Erebus’ eyes moved frantically as his thoughts tumbled behind them. “I think this is all about Nyx. If you had lost your mate, you’d be thrown into a devastating grief. I think she was trying to manipulate you into a state of mind that would unlock the door to Nyx.”
The mysterious woman cackled like a witch. “Ding, ding, we have a winner. You’re not just a pretty face, are you, skiá?”
“What?” Erebus hissed. “How do you know that name?”
“Because Nyx told me. She’s told me a lot of things about you,” she taunted, that low rasp of hers ringing in my ears.
Who was she, and how did she know all of this?
Something in Erebus snapped. His shadows burst from him, thundering into every crevice of the square.
“Show yourself!” he roared, his rage getting the better of him. The woman just laughed through it all, the sound of it loud and jarring.
“Erebus, stop.” I tried to hold him back, but he ripped himself from my grip.
“Where is she?” Erebus yelled as his shadows swept around the square, looking for the woman. “Show yourself!”
“We need to do something,” Atticus said, his voice by my ear. “This is getting out of hand.”
He was right, but how was I going to stop this mess?
I looked at the circle. Then at Atticus.
“No,” he said. “Don’t even think about it.”
But I was thinking about it.
There was more at play here than this badly drawn circle, and this was probably the only way to get answers.

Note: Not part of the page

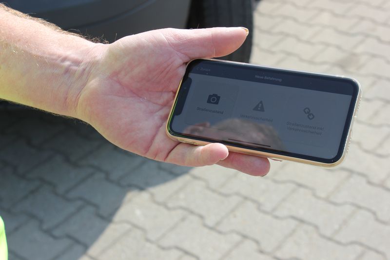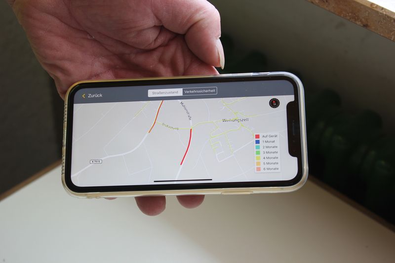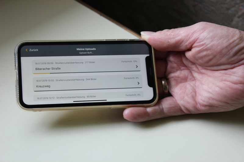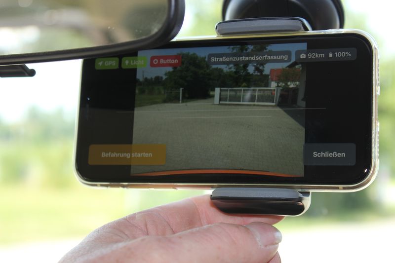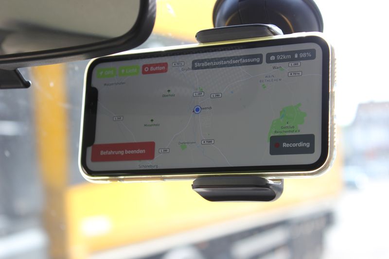 „Das System ist sehr intelligent“, sagt Schwendis Bauhofleiter, Reinhold Brehm. Das sollte es auch sein, denn immerhin sprechen die Stuttgarter Entwickler von künstlicher Intelligenz. Auf jeden Fall ist es recht einfach zu handhaben: Brehm schnappt sein Smartphone, steckt es in die Halterung an der Windschutzscheibe des Pritschenwagens – ähnlich jener von mobilen Navigationsgeräten –, richtet es über die „Wasserwaage“ des Handys aus, aktiviert die App, und los geht’s. Alle vier gefahrene Meter ist das Klicken der Kamera zu hören. Rund 80 Kilometer Ortsstraßen der 6.700-Seelen-Gemeinde erfasst Brehm mit dem vialytics-System: jedes Schlagloch, jeden Riss, jeden Schaden. Etwa zweieinhalb Arbeitstage benötigt der 50-Jährige, um den Ortskern Schwendi sowie die fünf weiteren Ortsteile Bußmannshausen, Großschafhausen, Orsenhausen, Schönebürg und Sießen im Wald (Hörenhausen und Weihungszell) bei Tempo 30 abzufahren. „Ich muss jede Sackgasse und jede kleine Siedlungsstraße extra anfahren, das ist sehr zeitintensiv“, schildert der Familienvater. Übrigens, das Straßennetz hat der Bauhof-Chef komplett im Kopf.
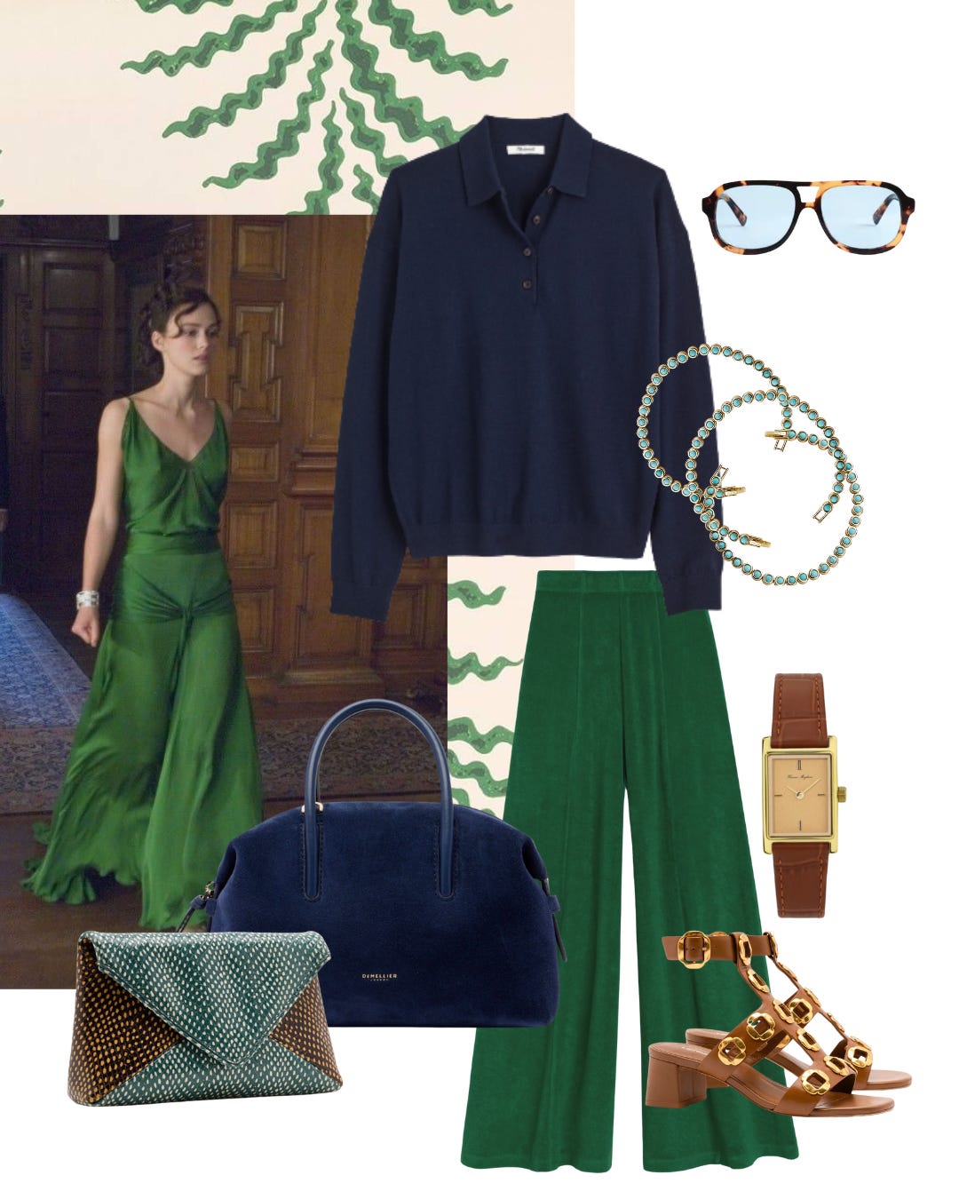 pants // polo sweater // sandals // watch // navy bag // clutch // bracelets // sunglasses

Whoever this woman was, she wouldn’t reveal herself until I’d done what she’d asked.
Hell, she’d manipulated us all here; she probably had a backup plan that would involve murder and maiming if I didn’t step into the damn circle.
I grabbed his arm. “You said it yourself; the shitty carvings made it weaker. Perhaps it won’t do anything but tickle.”
Panic laced his brow. “No, Roux. You can’t.”
“I love you,” I said, and I yanked my arm from his grip.
His fingers scrambled to hold onto me, but it was too late. I jumped into the circle and braced for whatever was going to happen.